The reasons why AI-generated creations do not
comply with the second clause on "proper citation"
are also explained: Firstly, they do not meet the
purpose requirement, as the use of data in AI-
generated creations aims to produce new works rather
than to "introduce or comment on a specific work" or
"clarify a particular issue." Secondly, the use of data
works in AI-generated creations clearly exceeds the
requirements of propriety. Therefore, this
requirement is not fulfilled.
The attention is also drawn to why AI-generated
creations do not comply with the sixth clause on
"scientific research": Firstly, the type of fair use for
scientific research specified by copyright law
involves restrictions on copyright aiming at public
interest. Therefore, under this provision, research
institutions and activities should "only apply to state-
established educational and research public
institutions," which does not include commercial
internet companies. Secondly, this type of fair use
imposes limitations on the number of copies made,
while AI-generated creations often involve the full-
text replication of works, failing to meet the "limited
quantity" requirement. Thirdly, the entities using AI
data are not "restricted to use by researchers only." As
such, this requirement is not met.
Consequently, statutory interpretation alone
precludes fair use exemptions for generative AI,
establishing prima facie infringement liability.

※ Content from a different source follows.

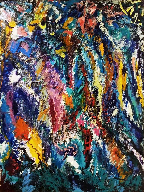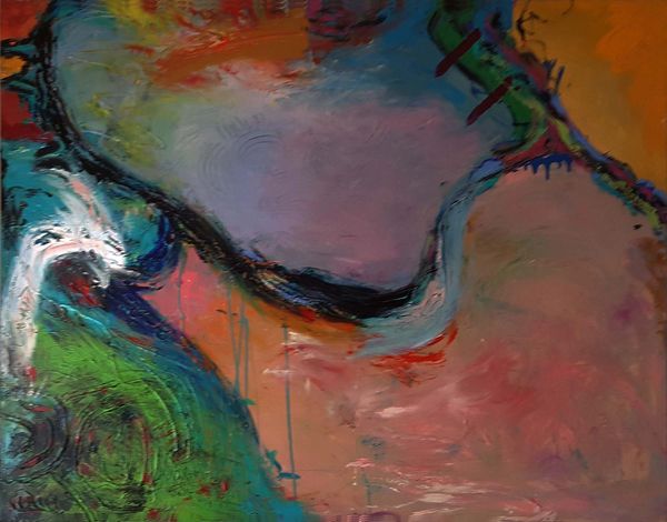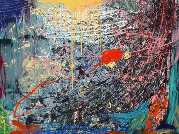 Acrylic on stretched canvas 66" x 44" x 2". My trapped psychic energy exploded onto this canvas which became heavy with paint. My collector had a replica stained glass window made for his front door as a prelude, when opened reveal this painting hanging over his mantel in the living room. SOLD
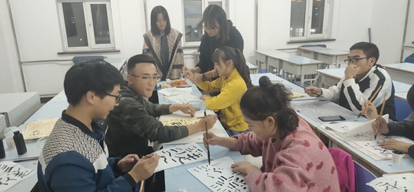 通过此次毛笔书法活动的开展,纠正了个别同学在毛笔书法书写方法的疑惑,让各位同学就各自的毛笔书法发展做出未来规划。协会会长赵玉芳就各位同学的作品做出点评,书法学习一定要有耐心,万事也都需要耐心……等,在现场的同学也认真记住了毛笔书法的要领。

However, Article 8 of the Supreme People's Court's
2011 Opinions on Promoting Socialist Cultural
Development through Intellectual Property
Adjudication introduced a hybrid standard expanding
fair use boundaries, stipulating that courts may
recognize fair use in exceptional circumstances
necessitated by technological innovation or
commercial development after evaluating: (i) purpose
and character of use; (ii) nature of copyrighted work;
(iii) substantiality of portion used; and (iv) market
impact—provided such use neither conflicts with
normal exploitation nor unreasonably prejudices
rightsholders' legitimate interests. This establishes a
multifactor framework requiring demonstrated
necessity, exceptional circumstances, satisfaction of
the four-factor analysis, and compliance with the
three-step test. For comprehensive rigor, this analysis
incorporates the Berne Convention's three-step test
(Art. 9(2)), U.S. Copyright Act's four-factor standard
(§107), and the contemporary transformative use
doctrine.
Combining the " three-step test "
When applying the three-step test—which
assesses fair use through sequential criteria: (1)
limitation to certain special cases; (2) non-conflict
with normal exploitation; and (3) non-prejudice to
legitimate interests—GenAI data acquisition fails all
requirements (Xiong, 2018). First, it satisfies no
statutorily recognized "special case." Second, market
substitution effect analysis confirms GenAI's output
capabilities displace human creators in multiple
domains, violating criteria (2) and (3) by
unreasonably prejudicing economic interests. Finally,
unauthorized data ingestion lacks normative
legitimacy under fair use doctrine. Scholar CHANG
Ye consequently contends that unlicensed GenAI
training remains non-exempt under China's copyright
framework (Ye, 2025). While the author concurs with
this assessment, the three-step test's inherent
ambiguity necessitates judicial refinement before full
adoption in Chinese jurisprudence.
Combining the "Four-Factor Test"
The "Four-Factor Test" originates from Section
107 of the United States Copyright Act, which
enumerates some typical scenarios of fair use and sets
flexible and open general provisions. Judges can
comprehensively consider the following four factors
to determine whether it constitutes fair use: the
purpose and character of the use; the nature of the
copyrighted work; the amount and substantiality
of the portion used in relation to the copyrighted work
as a whole; the effect of the use upon the potential
market for or value of the copyrighted work (Shen,
2020). It mainly explains "fair quotation". However,
the data acquisition of generative artificial
intelligence is for creation, and the research and
development companies are for commercial
purposes. Moreover, the quotations are basically full
copies, and the learning and imitation of the creator's
unique style will undoubtedly affect the market
position of the original author and intensify market
competition. Therefore, the author believes that the
"Four-Factor Test" cannot be used to defend fair use.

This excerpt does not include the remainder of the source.